*What to do*
Find the line holding "이 모든 과정은 단 몇" in the entries below. Give it again exactly, along with every line after it up to and including the line holding "Sterling silver beaded".

***** Material for the task *****

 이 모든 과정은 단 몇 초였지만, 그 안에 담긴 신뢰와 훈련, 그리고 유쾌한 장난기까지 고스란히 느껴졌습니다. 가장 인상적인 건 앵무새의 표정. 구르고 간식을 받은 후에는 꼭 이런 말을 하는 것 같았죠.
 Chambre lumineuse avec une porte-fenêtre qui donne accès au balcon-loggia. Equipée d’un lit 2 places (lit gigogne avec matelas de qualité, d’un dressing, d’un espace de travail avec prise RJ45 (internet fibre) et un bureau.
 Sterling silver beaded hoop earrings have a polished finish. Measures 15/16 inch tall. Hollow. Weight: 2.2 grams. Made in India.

*****
***** Material for the task *****

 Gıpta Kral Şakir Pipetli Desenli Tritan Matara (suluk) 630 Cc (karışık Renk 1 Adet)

*****
***** Material for the task *****

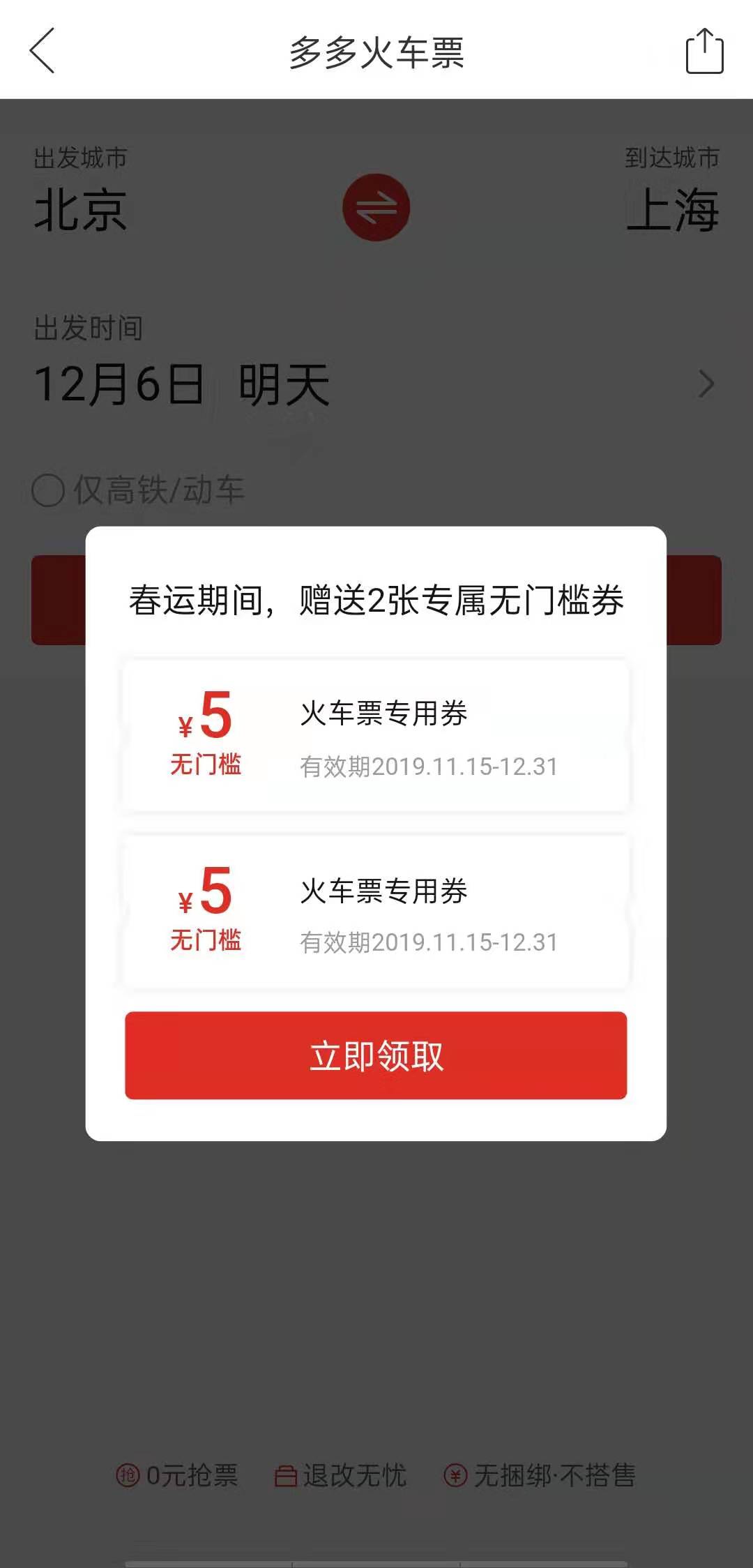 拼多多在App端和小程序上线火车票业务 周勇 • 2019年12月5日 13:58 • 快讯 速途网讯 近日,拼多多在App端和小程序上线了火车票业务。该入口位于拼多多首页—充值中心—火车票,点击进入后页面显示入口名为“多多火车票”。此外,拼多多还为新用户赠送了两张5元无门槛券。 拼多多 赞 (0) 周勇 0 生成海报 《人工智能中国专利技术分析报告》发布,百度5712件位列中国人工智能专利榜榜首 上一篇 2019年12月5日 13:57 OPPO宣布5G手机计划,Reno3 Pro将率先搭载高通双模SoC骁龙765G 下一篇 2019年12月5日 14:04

*****

*Reply*
 이 모든 과정은 단 몇 초였지만, 그 안에 담긴 신뢰와 훈련, 그리고 유쾌한 장난기까지 고스란히 느껴졌습니다. 가장 인상적인 건 앵무새의 표정. 구르고 간식을 받은 후에는 꼭 이런 말을 하는 것 같았죠.
 Chambre lumineuse avec une porte-fenêtre qui donne accès au balcon-loggia. Equipée d’un lit 2 places (lit gigogne avec matelas de qualité, d’un dressing, d’un espace de travail avec prise RJ45 (internet fibre) et un bureau.
 Sterling silver beaded hoop earrings have a polished finish. Measures 15/16 inch tall. Hollow. Weight: 2.2 grams. Made in India.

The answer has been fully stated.